When you take your next airline flight, you may want to look around at the flight attendants and perhaps think of them in a different way.

Instead of just a flight crew, many of them are also helping orphans, sick children, and fighting human trafficking.

Nancy Rivard looks like one of the many flight attendants you see walking through Reagan National Airport rolling her suitcase behind her.

But 20 years ago she decided she wanted to do more with her job and her life, and so she came up with “Airline Ambassadors International.”

“We provide for orphans, and vulnerable children, and we give a way for ordinary people to travel and make a difference,” she tells ABC7’s Alison Starling.

It all started out very small. Flight attendants using extra space in overhead bins to take hygiene products or other donated items to third world countries.

Now, it has now grown to 8,000 volunteers and some $60 million in aid hand delivered to orphanages, clinics and more.

The ambassadors also escort children coming to this country for donated medical care.

“They become a loving companion for that child,” she says. “Many of them have never seen an escalator, and never seen a plane on the most life changing journey of their lives.”

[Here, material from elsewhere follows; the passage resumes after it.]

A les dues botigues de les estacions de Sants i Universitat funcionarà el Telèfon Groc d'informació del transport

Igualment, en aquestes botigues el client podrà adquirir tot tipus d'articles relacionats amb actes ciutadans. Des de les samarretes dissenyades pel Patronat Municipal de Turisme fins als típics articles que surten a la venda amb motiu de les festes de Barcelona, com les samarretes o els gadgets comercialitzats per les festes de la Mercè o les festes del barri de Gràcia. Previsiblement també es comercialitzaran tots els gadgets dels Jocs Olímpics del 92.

Rivard is not just the founder and president of the organization.

This is personal for her… She has now sponsored a young boy, Manuel, in the Philippines.

“We now have every child in that orphanage sponsored now and it makes me feel so good because we are profoundly impacting their lives and they have profoundly impacted ours.”

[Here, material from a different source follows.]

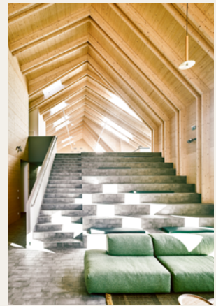
Smartvoll Architects
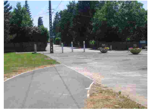
Valentigney : absence de liaison entre aménagements cyclables.

Airline Ambassadors’ newest goal is to fight human trafficking.

Training flight attendants, who have hours on a flight to observe passengers, to spot warning signs of people who may be travelling against their will and alert the authorities. Rivard has certainly found her purpose.

“All children everywhere are equally precious so my idea is that it takes off, and that more and more people begin travelling to do good, travelling with a purpose.”

Rivard became a flight attendant for American Airlines in 1976 and recently retired to focus on Airline Ambassadors full-time.

She travels on a mission at least once a month.